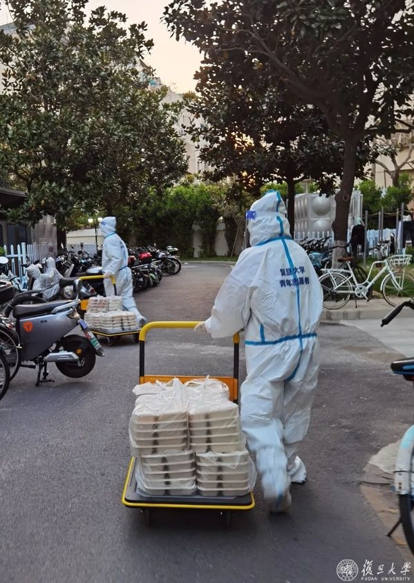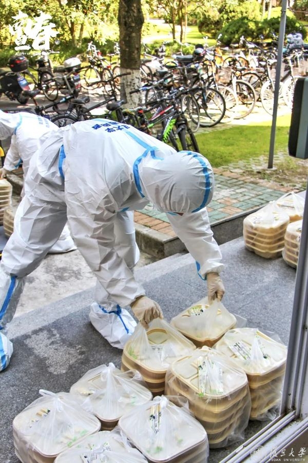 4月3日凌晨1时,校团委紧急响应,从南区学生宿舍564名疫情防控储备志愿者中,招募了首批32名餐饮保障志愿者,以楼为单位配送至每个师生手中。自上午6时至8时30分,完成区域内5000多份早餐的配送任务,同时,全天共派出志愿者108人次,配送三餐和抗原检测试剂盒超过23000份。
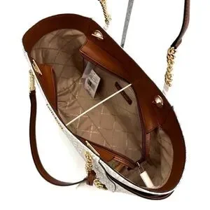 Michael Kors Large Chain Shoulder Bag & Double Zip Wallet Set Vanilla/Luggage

========================================

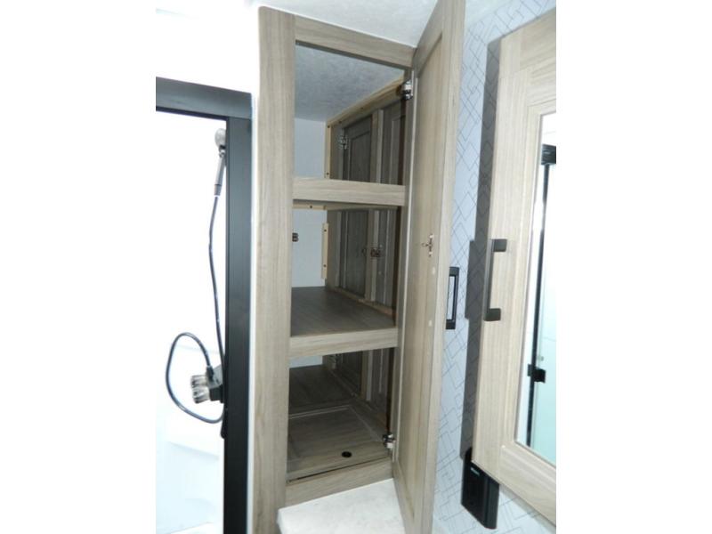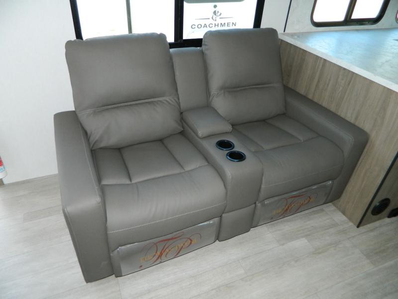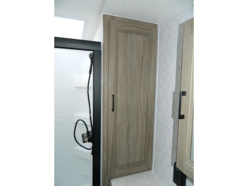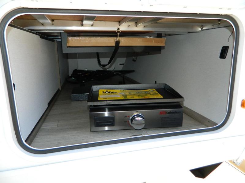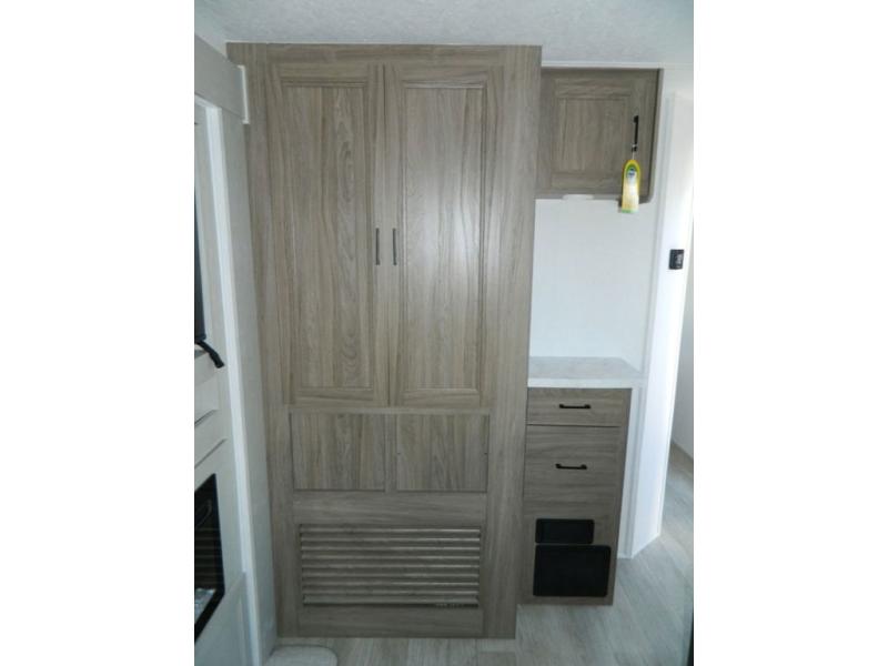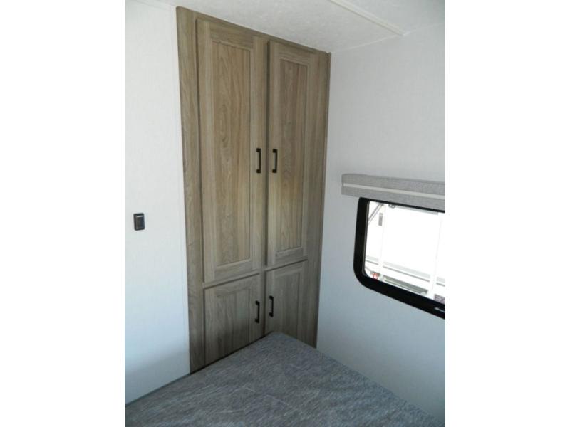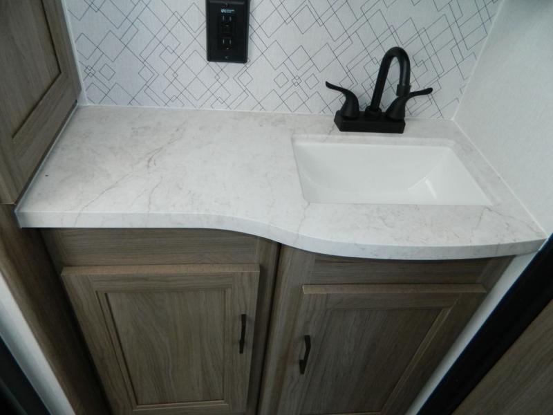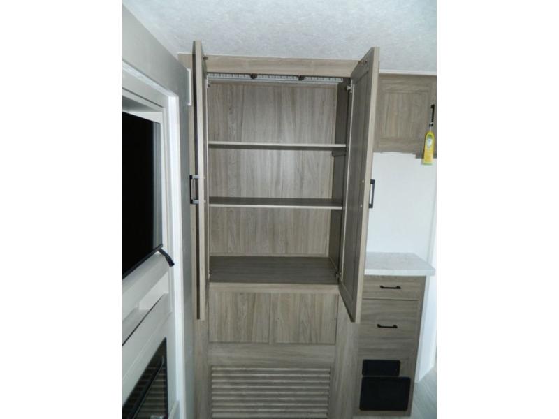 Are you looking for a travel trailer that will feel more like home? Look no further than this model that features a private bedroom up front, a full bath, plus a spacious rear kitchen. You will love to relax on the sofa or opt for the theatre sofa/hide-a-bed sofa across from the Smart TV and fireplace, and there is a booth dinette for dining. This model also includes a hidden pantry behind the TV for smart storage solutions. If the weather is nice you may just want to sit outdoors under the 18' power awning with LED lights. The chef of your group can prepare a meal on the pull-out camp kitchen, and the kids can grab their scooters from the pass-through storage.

========================================

Your assignment -> Taking the material above, give again exactly the lines from the one holding "4月3日凌晨1时,校团委紧急" through the one holding "Michael Kors Large", with both ends and without pictures.

Response for this exercise ->
 4月3日凌晨1时,校团委紧急响应,从南区学生宿舍564名疫情防控储备志愿者中,招募了首批32名餐饮保障志愿者,以楼为单位配送至每个师生手中。自上午6时至8时30分,完成区域内5000多份早餐的配送任务,同时,全天共派出志愿者108人次,配送三餐和抗原检测试剂盒超过23000份。
 Michael Kors Large Chain Shoulder Bag & Double Zip Wallet Set Vanilla/Luggage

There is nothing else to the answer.